- Poster
- Directed by: D.D. Kashyap
- Produced by: D.D. Kashyap
- Starring: Dev Anand Madhubala Prem Nath Talat Mahmood
- Release date: 13 April 1951;
- Country: India
- Language: Hindi

= Aaram (film) =

Aaram (lit. 'Comfort') is a 1951 Indian Hindi-language film directed by D. D. Kashyap and starring Dev Anand, Madhubala, Prem Nath and Talat Mahmood.

==Plot==

Aaram (1951)

Shyam (Dev Anand) is a struggling artist.

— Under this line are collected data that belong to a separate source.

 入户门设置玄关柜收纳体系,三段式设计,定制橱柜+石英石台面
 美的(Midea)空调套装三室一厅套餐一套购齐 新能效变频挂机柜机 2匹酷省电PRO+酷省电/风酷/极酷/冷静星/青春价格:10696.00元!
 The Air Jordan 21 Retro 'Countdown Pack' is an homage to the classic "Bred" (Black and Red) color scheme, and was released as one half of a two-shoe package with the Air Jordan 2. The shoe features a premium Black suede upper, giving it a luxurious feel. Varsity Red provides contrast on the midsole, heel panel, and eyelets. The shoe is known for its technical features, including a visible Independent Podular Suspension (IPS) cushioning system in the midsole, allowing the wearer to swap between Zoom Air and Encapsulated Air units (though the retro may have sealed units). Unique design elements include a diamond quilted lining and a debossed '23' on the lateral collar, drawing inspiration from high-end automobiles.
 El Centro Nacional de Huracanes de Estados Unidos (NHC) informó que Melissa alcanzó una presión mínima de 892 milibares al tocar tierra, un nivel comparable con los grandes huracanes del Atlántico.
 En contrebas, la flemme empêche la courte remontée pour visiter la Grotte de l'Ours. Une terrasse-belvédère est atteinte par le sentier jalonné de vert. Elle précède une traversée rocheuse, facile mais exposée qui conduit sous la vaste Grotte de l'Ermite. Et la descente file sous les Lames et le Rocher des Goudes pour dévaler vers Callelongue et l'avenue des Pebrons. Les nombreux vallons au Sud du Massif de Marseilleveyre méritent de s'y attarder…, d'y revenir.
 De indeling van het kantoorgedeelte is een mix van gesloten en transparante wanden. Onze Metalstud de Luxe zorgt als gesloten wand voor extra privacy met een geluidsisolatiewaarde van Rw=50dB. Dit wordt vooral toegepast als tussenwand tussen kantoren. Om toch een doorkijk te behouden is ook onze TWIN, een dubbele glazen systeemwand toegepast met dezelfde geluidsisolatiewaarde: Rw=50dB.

While returning home one night, he encounters a young woman, Leela (Madhubala), who, for unexplained reasons, is roaming the streets. A storm breaks out and Shyam lets Leela spend the night at his place. Shyam and Leela fall in love. A little later, Leela gets acquainted with a rani (queen) (Durga Khote). After Leela leaves Shyam's place, she takes refuge with the rani at the rani's haveli. The widowed rani's only son, the musically talented Kumar (Premnath), falls in love with Leela. For the sake of her son's happiness, the rani would like Leela to become her bahu. However, Leela tells them that she is in love with Shyam and both Kumar and his mother, the rani, end up accepting that. Through the rani, Leela even manages to get a painting of Shyam's entered in a competition through which Shyam attains fame. Leela and Shyam decide to travel to Shyam's village to have their wedding. But just as Leela is about to join Shyam, she is kidnapped in front of the rani's haveli by a former suitor from whom she had been running away, and who wants to force Leela to marry him and keeps her prisoner. It turns out later that while trying to prevent the kidnapping, Kumar was seriously hurt, even though nothing of the sort is actually shown on the screen. At one point, Leela almost manages to escape her dungeon with the help of a kindhearted underling of the main villain. After he recaptures Leela, on his own initiative, the villainous suitor arranges a bizarre and inexplicably idiotic meeting between Leela and Shyam to let them take a final leave of one another, at a restaurant where Leela and Shyam had usually been going, and where the owner is a friend of theirs. At that meeting, the villains are overpowered by Shyam, Kumar and others. During the struggle, Kumar is shot and wounded. The police arrive to take the overpowered villains into custody. Kumar tells his mother that his wound will heal. The end.

==Cast==
- Dev Anand as Shyam
- Madhubala as Leela
- Premnath as Kumar
- Durga Khote as Sita/ Rani
- Manmohan Krishna as Chamanlal, Shyam's friend (comic role)
- Leela Mishra as Shyam's grandmother
- Hiralal as Bhagwan
- Tiwari as Ramnath
- Baby Tabassum as Baby, the restaurant owner's daughter
- Leonor Maria as Dancer
- Talat Mahmud as Talat, party singer
- Jagdeep as Master Jagdeep, in the song Yeh Zindagi Hai Yo Yo
- Moolchand as ready-made shop owner
- Babu as Bhagwan's aide goon

==Music==

- Music Director: Anil Biswas
- Lyrics: Rajendra Krishan, Prem Dhawan
- Playback: Lata Mangeshkar, Mukesh, Talat Mahmood, Manmohan Krishna

1. "Ai Jane Jigar Dil Me Samane Aaja" - Mukesh
2. "Ye Zindagi Hai Yo-Yo" - Manmohan Krishna
3. "Mann Me Kisi Ki Prit Basale" - Lata Mangeshkar
4. "Shukriya Ae Pyar Tera Shukriya" - Talat Mahmood
5. "Mil Mil Ke Bichhad Gaye Nain" - Lata Mangeshkar
6. "Bigad Bigad Ke Bani Thi Qismat, Ujadi Re" - Lata Mangeshkar
7. "Rutha Huwa Chanda Hai, Ruthi Huyi Chandani" - Lata Mangeshkar
8. "Balma Ja Ja Ja, Abb Koun Tujhe Samjhaye" - Lata Mangeshkar

== Reception ==
While Aaram was not a major commercial success, it earned popularity for the music composed by Anil Biswas.